Automatic analysis of metadata

library(rtauargus)
library(dplyr)

Introduction

Before using the functions that produce safe tables, it is necessary to analyze the tables that need to be protected. Indeed, the disseminated tables differ from the tables to be protected. This is explained in detail in Chapter 3 of the Manuel de protection des tableaux. This phase of analyzing common margins between different tables can be complex. Therefore, functions have been developed in rtauargus to facilitate this work.

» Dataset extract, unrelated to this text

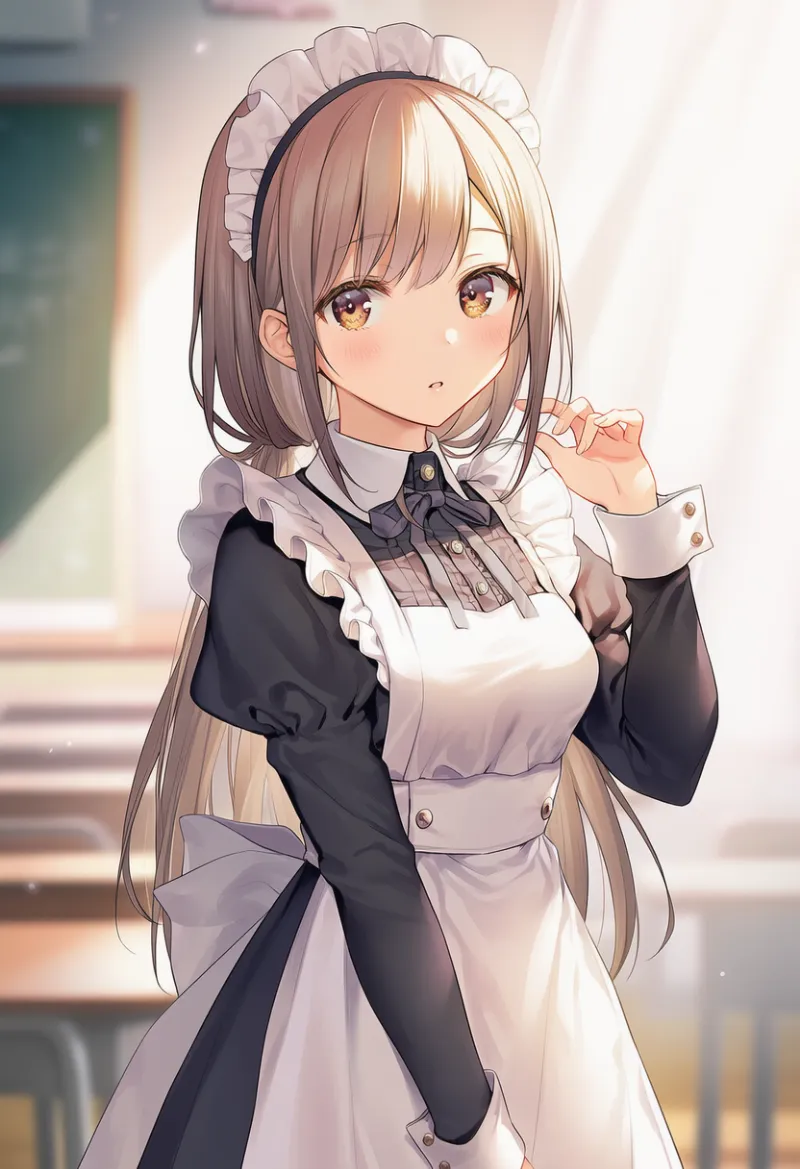 概要:文化祭当日、メイド喫茶ブースで働く美少女のひととき。大胆なコマ割りにしてください。

How Does Automatic Metadata Analysis Work?

Creating Metadata

Metadata must adhere to a specific format. Each line represents a table, and for each table, the following must be specified:

table_name : the name of the table ;
field : the field (often, geographical area, studied population, year of data collection) ;
hrc_field : whether there is a hierarchical link between this field and another field. If there is no hierarchical link, this field should be NA. If a hierarchical link exists, a name must be given to this link and the same name must be written in the other tables ;
indicator : the table’s indicator name. This is the name of the variable that is counted in each cell of the table. For example, if my table presents the turnover of companies, my variable will likely be “Turnover”. It is best to use the variable name as described in the data;
hrc_indicator : whether there is a hierarchical link between this indicator and another indicator. If there is no hierarchical link, this field should be NA. If a hierarchical link exists, a name must be given to this link and the same name must be written in the other tables;
spanning_1 : the name of the first cross-tabulation (spanning) variable. Additional columns are added for each cross-tabulation variable, following the naming convention: spanning_1, spanning_2, spanning_3, etc ;
hrc_spanning_1 : whether there is a hierarchical link between this cross-tabulation variable and another cross-tabulation variable. If there is no hierarchical link, this field should be NA. If a hierarchical link exists, a name must be given to this link and the same name must be written in the other tables. Additional columns are added for each cross-tabulation variable, following the naming convention: hrc_spanning_1, hrc_spanning_2, hrc_spanning_3, etc. Note: there must be as many spanning_X columns as hrc_spanning_X columns.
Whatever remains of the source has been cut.